From: Thomas Hellström (Intel)
Date: Tue Jun 28 2022 - 17:32:43 EST



On 5/30/22 15:57, Dmitry Osipenko wrote:
On 5/30/22 16:41, Christian König wrote:
Hi Dmitry,

Am 30.05.22 um 15:26 schrieb Dmitry Osipenko:
Hello Christian,

On 5/30/22 09:50, Christian König wrote:
Hi Dmitry,

First of all please separate out this patch from the rest of the series,
since this is a complex separate structural change.
I assume all the patches will go via the DRM tree in the end since the
rest of the DRM patches in this series depend on this dma-buf change.
But I see that separation may ease reviewing of the dma-buf changes, so
let's try it.
That sounds like you are underestimating a bit how much trouble this
will be.

I have tried this before and failed because catching all the locks in
the right code paths are very tricky. So expect some fallout from this
and make sure the kernel test robot and CI systems are clean.
Sure, I'll fix up all the reported things in the next iteration.

BTW, have you ever posted yours version of the patch? Will be great if
we could compare the changed code paths.
No, I never even finished creating it after realizing how much work it
would be.

This patch introduces new locking convention for dma-buf users. From
now
on all dma-buf importers are responsible for holding dma-buf
reservation
lock around operations performed over dma-bufs.

This patch implements the new dma-buf locking convention by:

    1. Making dma-buf API functions to take the reservation lock.

    2. Adding new locked variants of the dma-buf API functions for
drivers
       that need to manage imported dma-bufs under the held lock.
Instead of adding new locked variants please mark all variants which
expect to be called without a lock with an _unlocked postfix.

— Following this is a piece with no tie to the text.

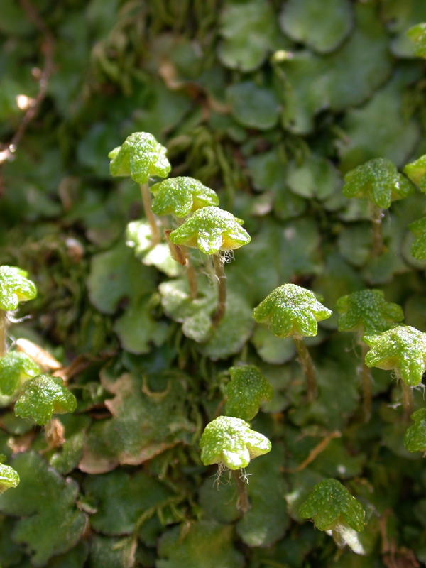 Reboulia hemisphaerica (L.) Raddi, Wadi Yagur, Mount Carmel, Israel, March 21, 2008

This should make it easier to remove those in a follow up patch set and
then fully move the locking into the importer.
Do we really want to move all the locks to the importers? Seems the
majority of drivers should be happy with the dma-buf helpers handling
the locking for them.
Yes, I clearly think so.

    3. Converting all drivers to the new locking scheme.
I have strong doubts that you got all of them. At least radeon and
nouveau should grab the reservation lock in their ->attach callbacks
somehow.
Radeon and Nouveau use gem_prime_import_sg_table() and they take resv
lock already, seems they should be okay (?)
You are looking at the wrong side. You need to fix the export code path,
not the import ones.

See for example attach on radeon works like this
drm_gem_map_attach->drm_gem_pin->radeon_gem_prime_pin->radeon_bo_reserve->ttm_bo_reserve->dma_resv_lock.
Yeah, I was looking at the both sides, but missed this one.

Also i915 will run into trouble with attach. In particular since i915 starts a full ww transaction in its attach callback to be able to lock other objects if migration is needed. I think i915 CI would catch this in a selftest.

Perhaps it's worthwile to take a step back and figure out, if the importer is required to lock, which callbacks might need a ww acquire context?

(And off-topic, Since we do a lot of fancy stuff under dma-resv locks including waiting for fences and other locks, IMO taking these locks uninterruptible should ring a warning bell)

/Thomas


Same for nouveau and probably a few other exporters as well. That will
certainly cause a deadlock if you don't fix it.

I strongly suggest to do this step by step, first attach/detach and then
the rest.
Thank you very much for the suggestions. I'll implement them in the next
version.